Note: this marker was erected in 1963.

===18. Isles of Shoals===
Town of Rye
"About six miles offshore, these nine rocky islands served Europeans as a fishing station before the first mainland settlements were made in 1623. Capt. John Smith (1580-1631) named the group 'Smith's Isles' in 1614. The codfish that 'shoaled' or schooled there in huge numbers were a prized delicacy that supported 300 to 600 inhabitants before the revolution. By the mid-1800s, new hotels attracted a summer colony of writers and artists, chief of whom was poet Celia Thaxter (1835-1894). The Islands have supported religious conferences since 1897 and marine research since 1928."

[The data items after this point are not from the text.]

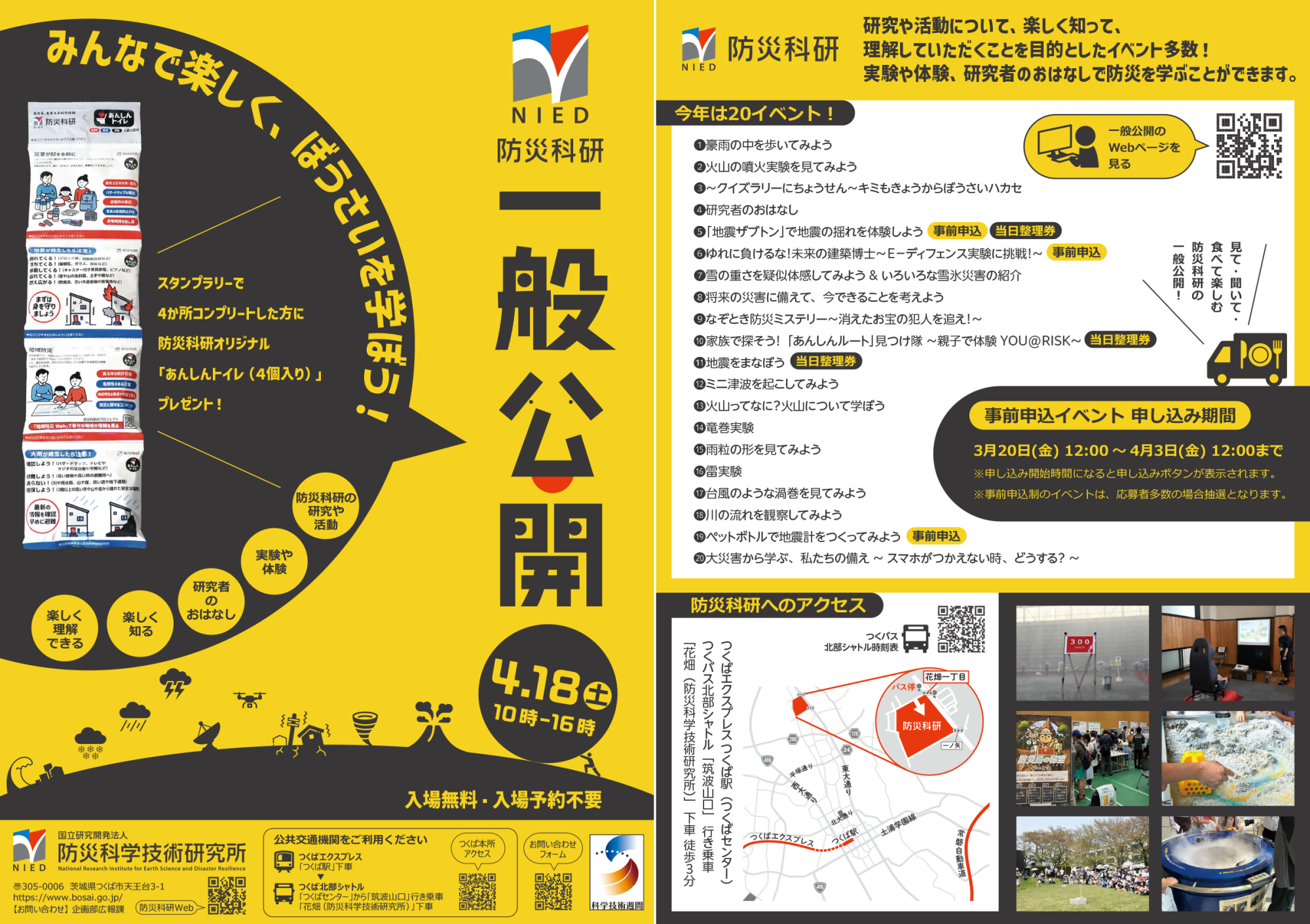 防災科学技術研究所 つくば本所では、「みんなで楽しく、ぼうさいを学ぼう!」をテーマに、一般公開を開催いたします。自然災害の研究者による実験やおはなし、工作や体験イベントなど、楽しみながら防災を学べます。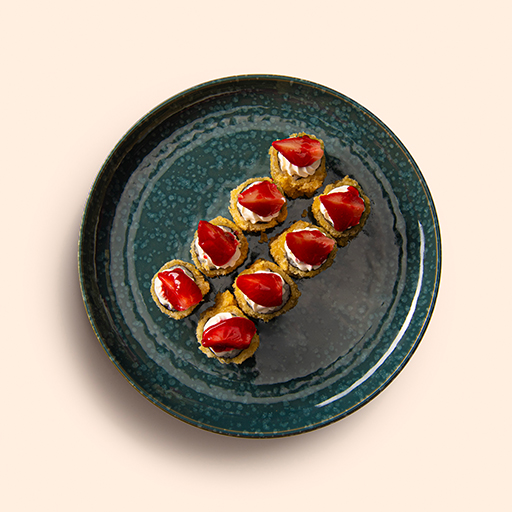 MAKI FRITO CON FRESA Y NATA, RELLENO DE ATÚN.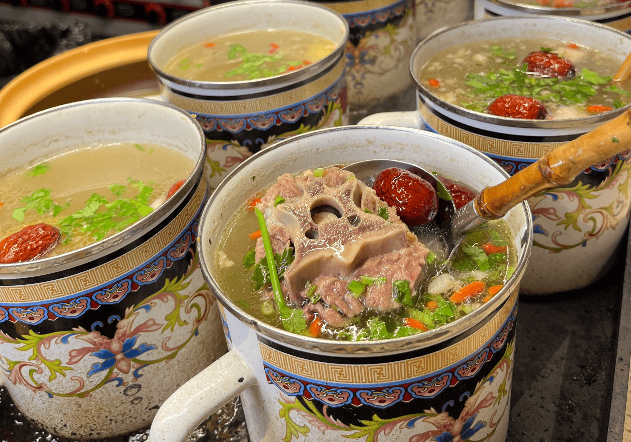 在新疆提缸子肉,没人不馋 —— 尤其是喀什的早市,满街都是搪瓷缸子的影子,缸子里炖着带骨羊肉,汤面上飘着油花,香味能勾着人挪不动脚。做缸子肉不用复杂调料,就把羊肉块放进搪瓷缸,加清水、姜片,架在火上慢炖 2 小时,炖到肉烂汤鲜就行。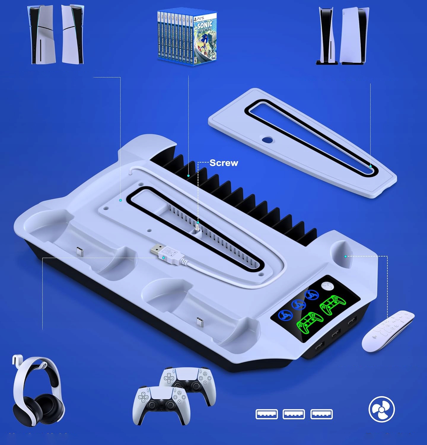 ПІДСТАВКА ДЛЯ PS5 З ВЕНТИЛЯТОРОМ ОХОЛОДЖЕННЯ ТА КОНТРОЛЕРОМ PS5 ДЛЯ ДОМА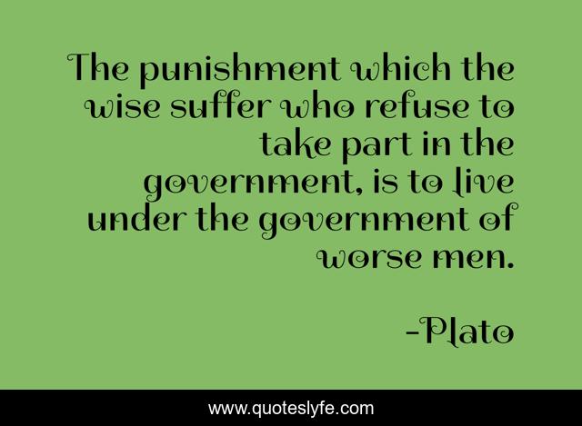 This page presents the quote "The punishment which the wise suffer who refuse to take part in the government, is to live under the government of worse men.". Author of this quote is Plato. This quote is about live, men, wise,.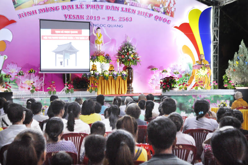TT. Thích Giác Tiến tuyên đọc thông điệp Đức Pháp chủ GHPGVN Trưởng lão Hòa thượng Thích Phổ Tuệ - gửi Tăng Ni, Phật tử ở trong nước và ở nước ngoài nhân Đại lễ Phật đản – PL 2563 – DL 2019 Ngài nói: “Năm nay, hòa trong không khí hân hoan của cộng đồng Phật giáo trên toàn thế giới kỷ niệm ngày Vesak trọng đại, Giáo hội Phật giáo Việt Nam vô cùng vinh dự là nước chủ nhà đăng cai tổ chức Đại lễ Vesak Liên hợp quốc lần thứ 16, PL. 2563 – DL. 2019. Thay mặt Hội đồng Chứng minh, Hội đồngTrị sự, và toàn thể Tăng Ni, Phật tử Việt Nam, tôi hoan nghênh và nhiệt liệt chào mừng Chư tôn đứclãnh đạo các Giáo hội Tăng già, các tổ chức hệ phái truyền thừa Phật giáo từ khắp các Châu lục đã hội tụ về Việt Nam lần thứ 3 kỷ niệm ngày Vesak Liên hợp quốc. Đây là cơ hội quý báu để chúng tacùng nhau tăng trưởng niềm tin vào chân lý giải thoát, phát huy giá trị những di sản mà Đức Thế tônđã để lại cho nhân loại chúng ta trong hệ thống tư tưởng giáo lý vô giá về trí tuệ, lòng từ bi, triết lý vô ngã, tinh thần bất bạo động, những giá trị hòa bình và phát triển bền vững.”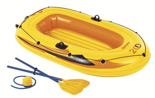 A complete boating kit for less! Sevylor Sunburst 2 - Person Pool Boat Kit with Air Pump and Oars. Fun in the sun for two! This Sunburst 2-Person Pool Boat is made with Sevylor's high quality construction for durability. The kit comes complete with an air pump and oars, to get you afloat right away. Now, it's priced right so everyone can own a Sevylor inflatable. Features include: 2 strong molded oar locks; 3 air chambers (1 in the boat and 2 in the floor); All-around grab line for convenience; 2-person, 300 lbs. capacity; Length overall 6'7", beam 3'10"; Weighs 7 lbs.; Model # SB200K; Don't wait... they're moving fast! Order Today! Sevylor Sunburst 2-Person Pool Boat Kit, Yellow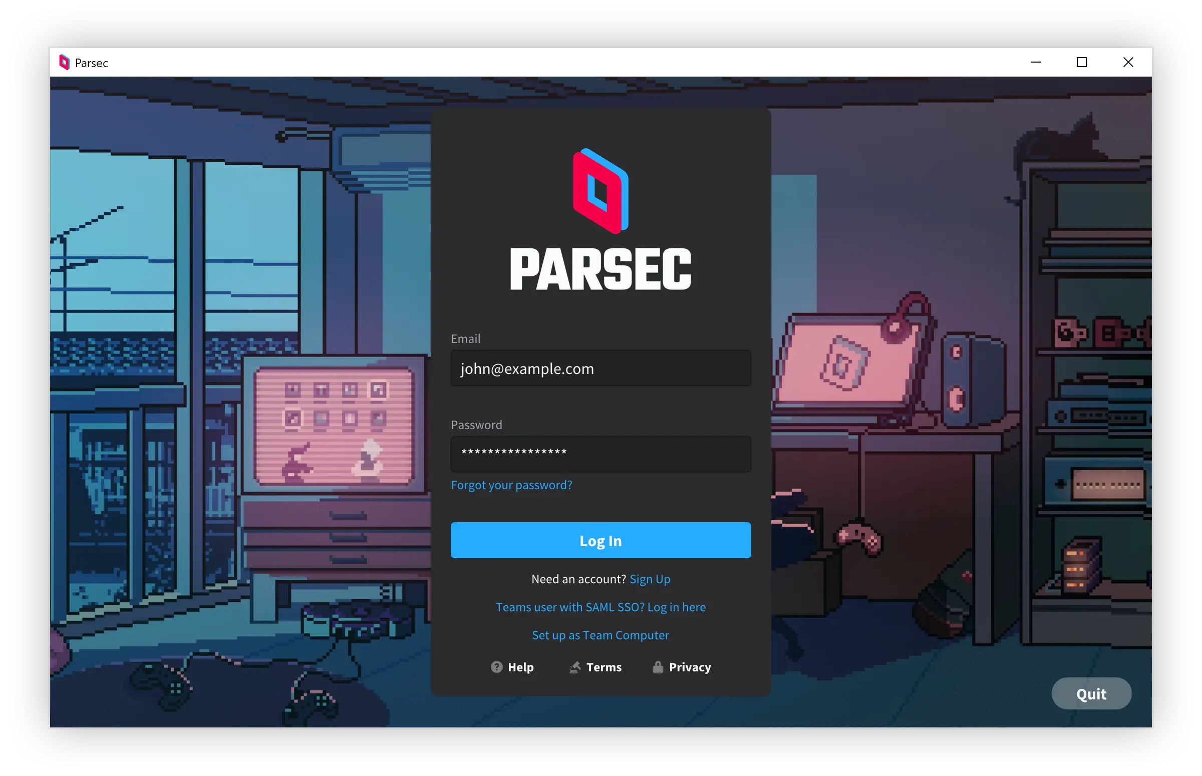 如果你还未在parsec注册账号,请点击我进行注册,然后打开parsec进行登陆

===19. Thaddeus S. C. Lowe 1832–1913===
Town of Jefferson
"Born nearby, this inventor and scientist gained unique distinction as a pioneer aeronaut in the United States. He organized and directed a military balloon force during the Civil War and later invented a number of important and basic devices for use in atmospheric observation and metallurgical processing."

===20. Captain Lovewell's War===
Town of Ossipee
"Was fought between 1722 and 1725 against several tribes of eastern Indians. The principal campaigns took place in the Ossipee region and led to the eventual withdrawal of the Indians to the north. Commemorated in Colonial literature by 'The Ballad of Lovewell's Fight.

Note: this marker was erected in 1964.

===21. Canaan Street===
Town of Canaan
"First known as 'Broad Street,' this early venture in town planning was laid out in 1788. About a mile in length and beautifully situated, starting about two miles in on next northerly road, the plan provided for an orderly arrangement of attractive homesteads."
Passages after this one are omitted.